Nowhere in the reports in the US was it mentioned that the Cook was itself engaging in provocative behavior.
The Baltic Sea is an international waterway, bordering the countries of Denmark, Germany, Poland, Russia, Latvia, Estonia, Lithuania, Finland and Sweden, and as such, if the US wants to sail a military ship there, it has every right to do so. But honest reporting on this incident should have included that the Cook wasn’t just sailing around innocently in the open waters of the Baltic. It had moved to within a 70-mile radius of the Russian port enclave of Kaliningrad — an isolated and thus sensitive part of Russian territory located on the Baltic coast that is bounded by Lithuania and Poland and thus is separated from the rest of Russia. Kaliningrad is the site of a major Russian naval base, and is also home to 500,000 Russian people.

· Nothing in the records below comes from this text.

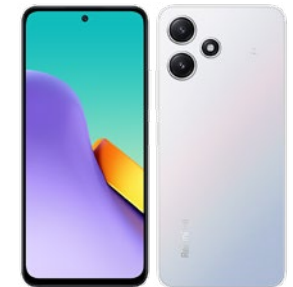
ポーラーシルバー
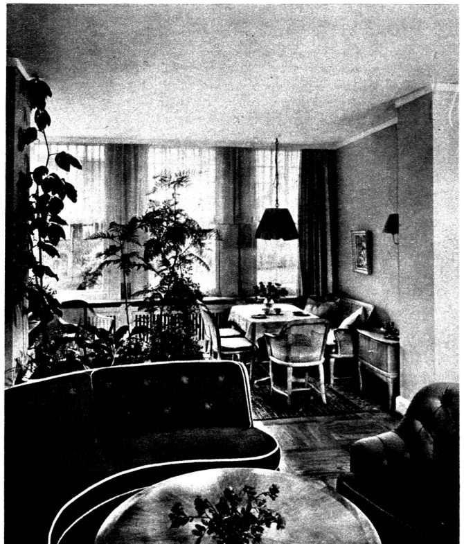
Coin de la véranda avec table à thé
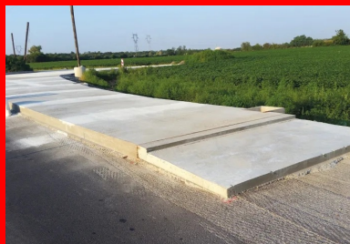
Une dalle de transition avant et après la mise en œuvre de l'enrobé.
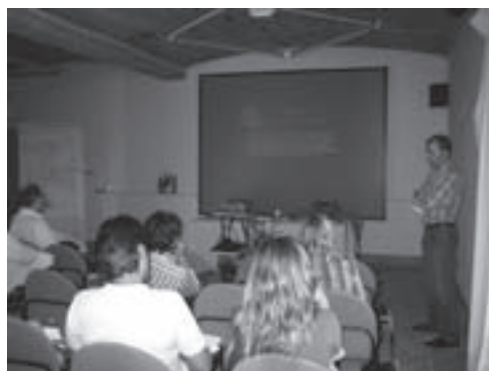
Imagen 12: Seminario de Investigación Inicial en Jódar (Jaén).

Su principal objetivo fue el de establecer una definición común del concepto de Patrimonio Oleícola y establecer los principales elementos inventariables en cada comarca para su posterior aplicación en el Catálogo del Patrimonio Oleícola.
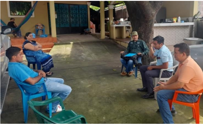
Equipo investigador reunido con miembros de APROE El Jocotal.
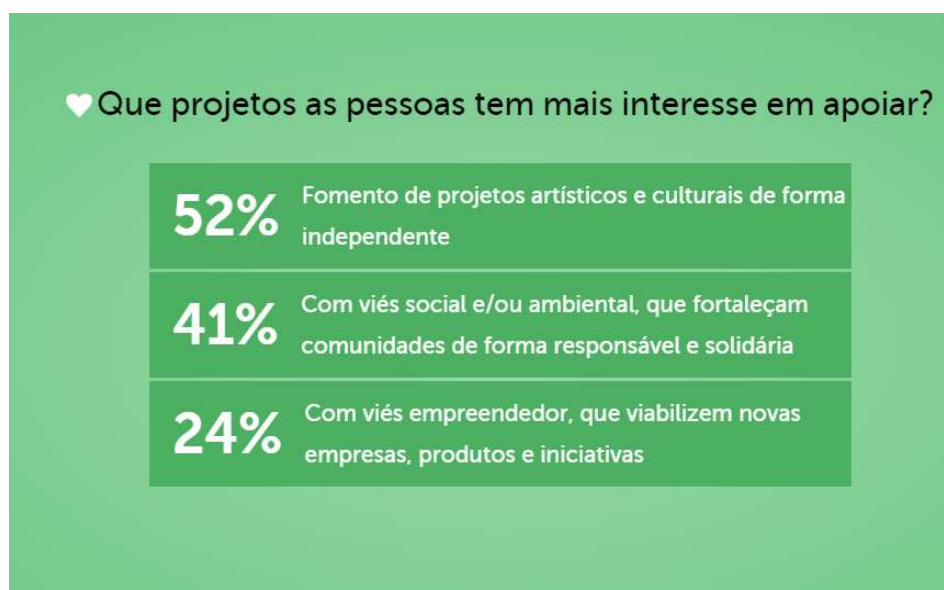
Figura 3 – Projetos que mais despertam interesse na plataforma.
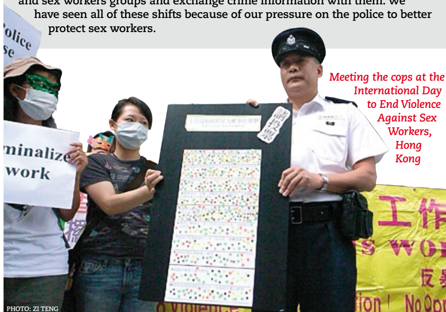
Meeting the cops at the International Day to End Violence Against Sex Workers, Hong Kong

After years of advocacy and negotiation, the police finally did make some changes to their policies towards sex workers. For example, they set up a special taskforce to help sex workers, and produced television programmes and posters to warn criminals who might target sex workers. Police attitudes towards sex workers have also changed: many police officers have stopped insulting sex workers and the police now meet regularly with sex workers and sex workers groups and exchange crime information with them. We have seen all of these shifts because of our pressure on the police to better protect sex workers.
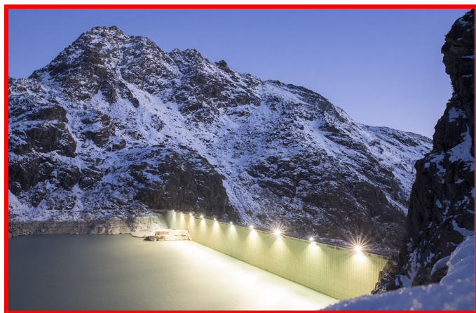
Diga Alpe Gera

Dal parcheggio alla diga di Gera si raggiunge in circa un'ora il rifugio Bignami. Poi seguendo le indicazioni per la bocchetta di Caspoggio si raggiunge l'alpe Fellaria e, su sentiero ben segnato, si prosegue nella piana valliva con direzione WNE. Ora si risalgono ripidi pendii ghiaiosi e si raggiunge una larga conca ove in passato vi era un piccolo ghiacciaio. Da qui si raggiunge un valico con un grosso ometto in pietre e si scende sul versante opposto dove inizia il ghiacciaio. Si aggira la crepaccia terminale fino a raggiungere la cresta NNE. Ora il percorso è evidente e per facili roccette, canaletti e detriti si giunge al risalto finale. Con rocce gradinate si raggiunge la stretta vetta.
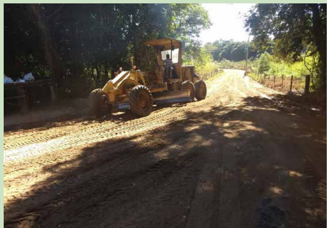
O trabalho tem por objetivo dar condições para o escoamento agrícola na região

A Prefeitura de Amparo, por meio da Secretaria de Infraestrutura e Serviços, realizou nesta semana serviços de manutenção nas estradas rurais do bairro do Brumado. O trabalho tem por objetivo dar condições para o escoamento agrícola na região.
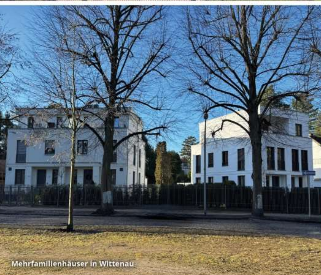
Mehrfamilienhäuser in Wittenau
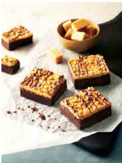
CARAMEL MET PURE CHOCOLADE
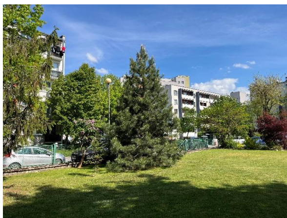
Ryc. 6-9. Zieleń istniejąca na terenie placu zabaw przy Żłobku Miejskim Od strony zachodniej, w części centralnej oraz od strony wschodniej.
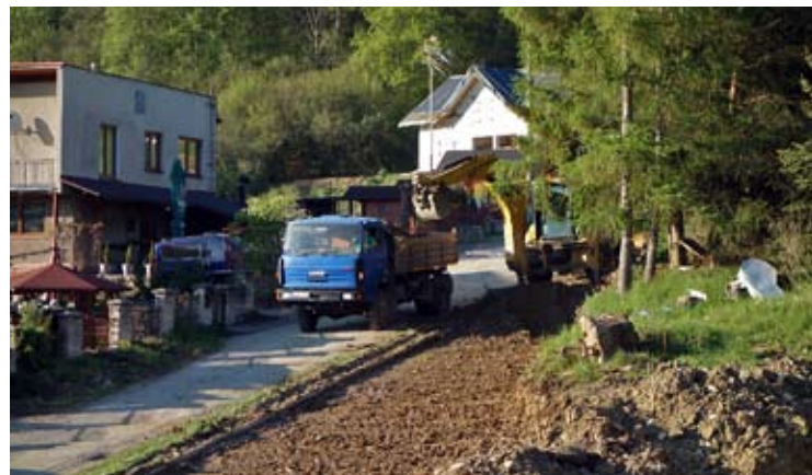
Úpravy na podporu individuálnej výstavby a úpravy miestnych ciest.
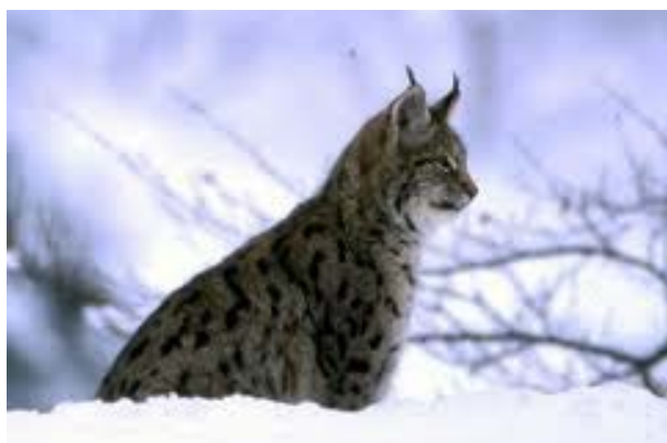
Fig. 2 Lynx lynx
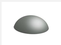
C101.04 La montagne 150 cm, sol amortissant meuble

Here’s a map of Kaliningrad showing the 70-mile radius within which the USS Cook had positioned itself at the time of the multiple flybys by two Russian Su-24s (and where it was engaging in landing and takeoff exercises with Polish military helicopters.
The US reporting on this whole incident has been hysterical.
CNN’s Pentagon reporter said the jets were “demonstrating a simulated strafing run” and implied that it was dangerous because “if it had been a real strafing run, we wouldn’t have known it until it was too late.” Of course, Russia and the US are not at war, so why would Russia have strafed a US destroyer? The reporter didn’t say. Instead, he said the ship’s commander deserved “kudos” for keeping his cool and not loosing the ships anti-aircraft defenses on the two jets.
The Russian jets, it should be noted (but wasn’t in this report until late in the piece), were not armed, with no missiles mounted on the wings. The Cook, on the other hand, is armed not only with deadly defensive anti-aircraft weapons, but also with offensive (and potentially nuclear-tipped) Tomahawk cruise missiles, making its maneuvers in and around the Russian base and Russian territory anything but innocent.
Other US news reports were similarly breathless and one-sidedly jingoistic in their reporting about the encounter.
In fact, there was nothing dangerous about the incident at all except if the US ship’s crew had been foolish enough to respond to the harassment by shooting down the planes. (in truth, nobody on the US vessel seems to have been particularly anxious about the Russian jets zipping by them, judging from videos taken by the crew.)
A fairer reporting job might have speculated as to how US forces would have responded, had a Russian cruise-missile-armed frigate or destroyer approached within 70 miles of naval bases at Newport News, Virginia, or San Diego, or perhaps the Pensacoula Naval Air Station on the coast of Florida just east of Mobile in the Gulf of Mexico. (See map below, to understand to how near the USS Cook was to Kaliningrad when it was buzzed.)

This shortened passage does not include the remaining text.